Step 4: Input the output from the latch 45 of the bit string output from the PLA 40 to the pattern generation ROM 41, generate a bit pattern string with focus 1 only for the bit position that was 1, and input it to input B of the PLA 40. .

That is, from now on, only the data of the pit position that was 1 will be considered.

Step 5: Select the bit cross-section lowered by one bit by the bit selector 3 and input it to the input A of the PLA 40.

Then step 1 jump.

Step 6: Calculate the pit position where 1 is located using the lookup table 42 and output it to the status output.

As described above, calculations on intensity information between pixels can be processed all at once.

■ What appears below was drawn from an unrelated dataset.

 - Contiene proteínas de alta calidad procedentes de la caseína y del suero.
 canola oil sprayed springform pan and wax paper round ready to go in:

(Effects of the Invention) As explained in detail above, the neighborhood image calculation device according to the present invention performs processing on data of a plurality of pixels having multivalued intensity information obtained from an image. a neighboring pixel register that is provided corresponding to a plurality of pixels included in a unit and latches data for each pixel; a bit selector that sequentially reads data from the neighboring pixel register for each bit section; It consists of a bit arithmetic unit that performs a batch operation on each piece of data included in a bit section, determines arithmetic processing conditions for the next bit section according to the results, and repeats the operation.

Therefore, according to the present invention, the following effects can be obtained.

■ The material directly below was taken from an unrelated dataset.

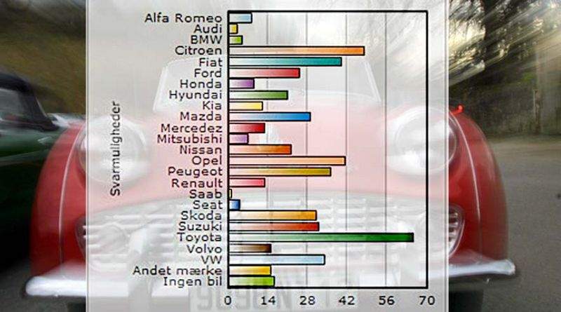 En afstemning på Fagbladet.dk viser, at Toyota med 12 pct. er langt det mest populære bilmærke blandt 3F'ere. Men også Citroën, Opel og Fiat er populære blandt medlemmerne.

○Compared to conventional arithmetic units, the same arithmetic unit can perform general-purpose calculations that determine the relationship between density information between pixels.

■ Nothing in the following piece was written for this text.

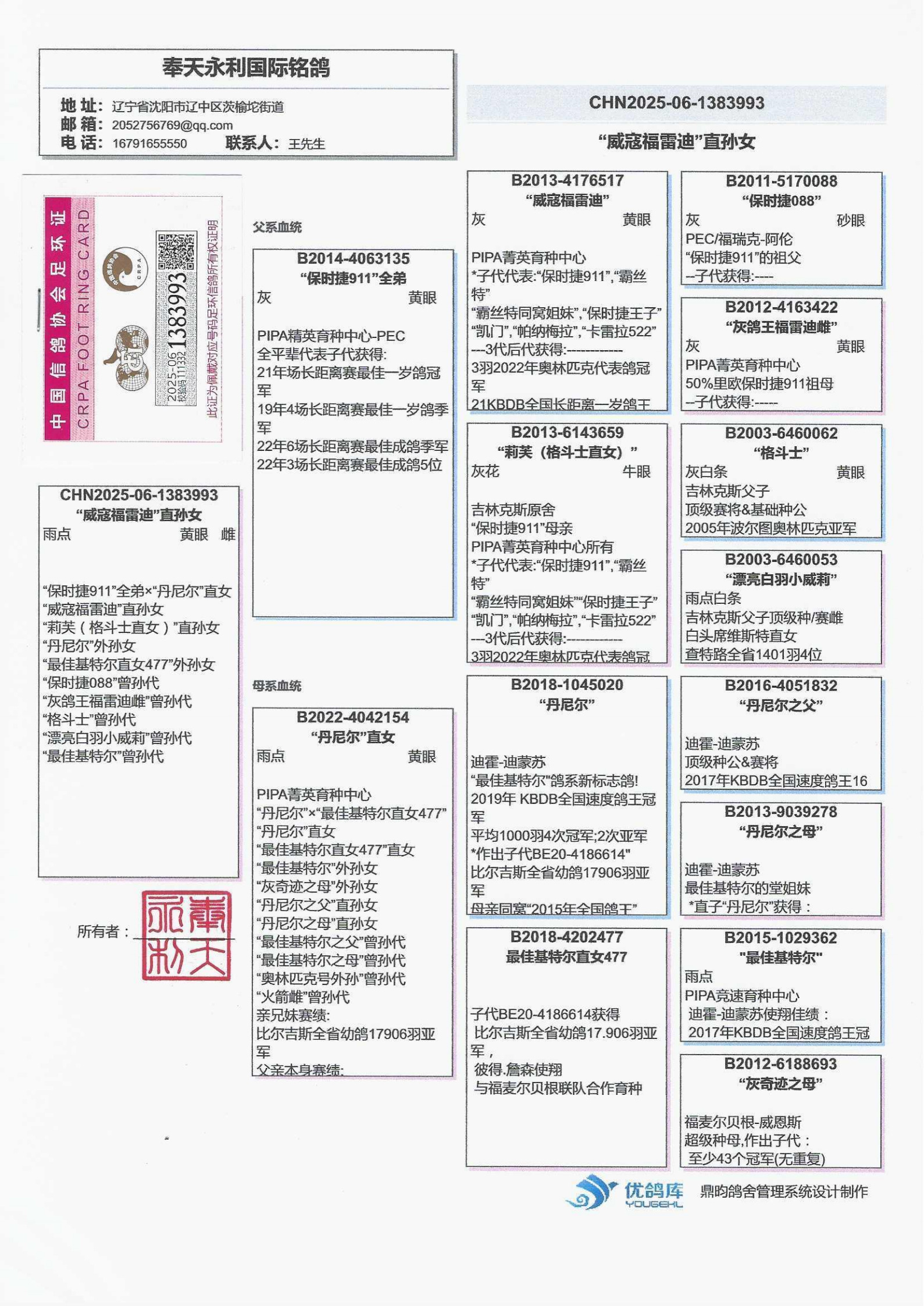 - 当前查看拍卖鸽:“威寇福雷迪”直孙女“保时捷911”全弟

Regarding the above, the number of steps is significantly smaller than that of conventional arithmetic units, so it is faster.

0 The circuit configuration is simpler than conventional arithmetic units, and the number of parts can be reduced.

[Brief explanation of drawings]

FIG. 1 is a block diagram showing an embodiment of a neighborhood calculation device according to the present invention. FIG. 2 is a block diagram showing a configuration example of a bit arithmetic unit of the neighborhood arithmetic unit. FIG. 3 is a block diagram showing an embodiment of a conventional neighborhood calculation device. 1... Image 1 image memory 2... Neighboring pixel register (launch) 3... Bit selector 4... Bit arithmetic unit 41... Pattern generation ROM 42... Lookup table 43... Calculation Device 44...Register file 5...Microprogram sequencer Patent applicant Hamamatsu Photonics Co., Ltd. Agent Patent attorney Jusai Inoro 1 Figure L-Funtora 4% 9v upper-J Figure 2 λCas↑-Vs Output

Claims (2)

[Claims] (1) In a neighborhood image calculation device that calculates data of multiple pixels having multivalued intensity information obtained from an image,
a neighboring pixel register that is provided corresponding to a plurality of pixels included in a processing unit and latches data for each pixel; a bit selector that sequentially reads data from the neighboring pixel register for each bit section; A neighborhood image arithmetic device comprising a bit arithmetic unit that performs a batch operation on each piece of data included in a bit cross section, determines arithmetic processing conditions for the next bit cross section according to the result, and repeats the operation. (2) The neighborhood image calculation device according to claim 1, wherein the calculation is performed by calculating the maximum value of a plurality of pixels having multivalued intensity information obtained from the image.